## DATA PROVIDED:
----
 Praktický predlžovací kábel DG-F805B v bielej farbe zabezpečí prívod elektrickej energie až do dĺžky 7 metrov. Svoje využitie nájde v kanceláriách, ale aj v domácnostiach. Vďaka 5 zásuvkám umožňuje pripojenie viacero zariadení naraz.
----
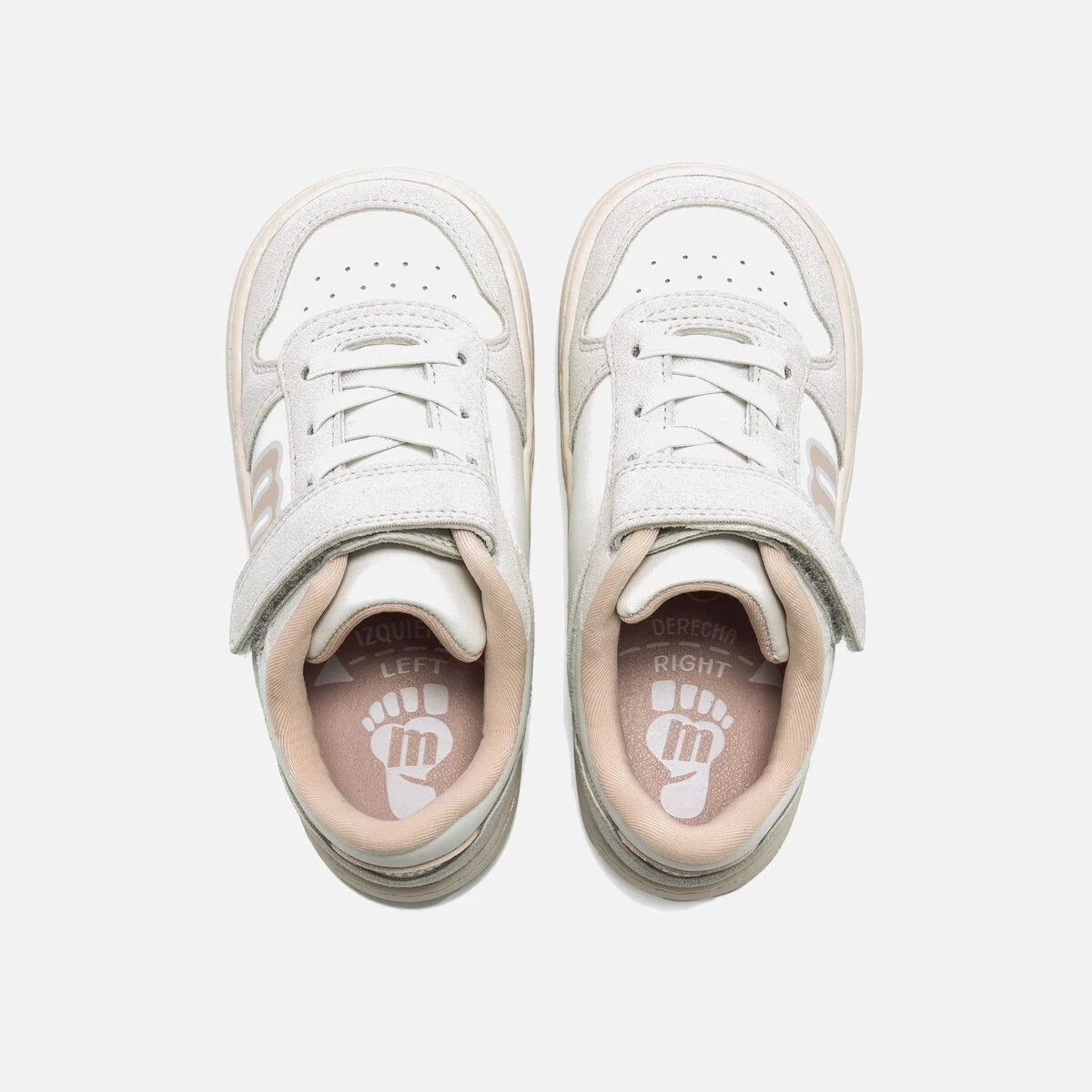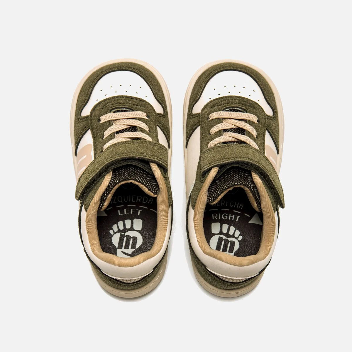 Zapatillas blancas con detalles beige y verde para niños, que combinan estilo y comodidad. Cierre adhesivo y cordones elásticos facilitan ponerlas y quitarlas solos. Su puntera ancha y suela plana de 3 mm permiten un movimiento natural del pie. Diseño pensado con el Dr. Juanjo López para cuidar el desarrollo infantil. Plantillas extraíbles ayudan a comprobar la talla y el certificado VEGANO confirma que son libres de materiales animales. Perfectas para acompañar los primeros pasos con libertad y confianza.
----
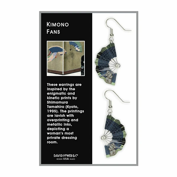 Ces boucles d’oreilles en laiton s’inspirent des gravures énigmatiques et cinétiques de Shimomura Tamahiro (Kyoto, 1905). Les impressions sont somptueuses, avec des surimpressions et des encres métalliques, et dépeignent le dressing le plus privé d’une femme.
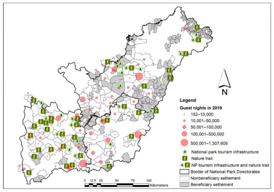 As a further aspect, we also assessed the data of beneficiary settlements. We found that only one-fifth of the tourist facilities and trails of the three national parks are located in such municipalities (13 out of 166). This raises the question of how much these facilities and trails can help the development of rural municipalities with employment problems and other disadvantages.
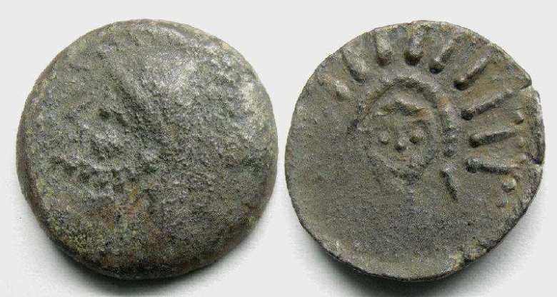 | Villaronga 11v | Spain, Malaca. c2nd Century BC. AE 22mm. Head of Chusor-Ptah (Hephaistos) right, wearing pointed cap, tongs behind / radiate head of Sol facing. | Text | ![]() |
----
## WHAT YOU HAVE TO DO:
Nothing but the lines above, starting at the line that contains "As a further" and ending at the line that contains "facing. | Text | ![]() |", should be given again, exactly and without the pictures.

## RESULT FOR THIS TASK:
 As a further aspect, we also assessed the data of beneficiary settlements. We found that only one-fifth of the tourist facilities and trails of the three national parks are located in such municipalities (13 out of 166). This raises the question of how much these facilities and trails can help the development of rural municipalities with employment problems and other disadvantages.
 | Villaronga 11v | Spain, Malaca. c2nd Century BC. AE 22mm. Head of Chusor-Ptah (Hephaistos) right, wearing pointed cap, tongs behind / radiate head of Sol facing. | Text | ![]() |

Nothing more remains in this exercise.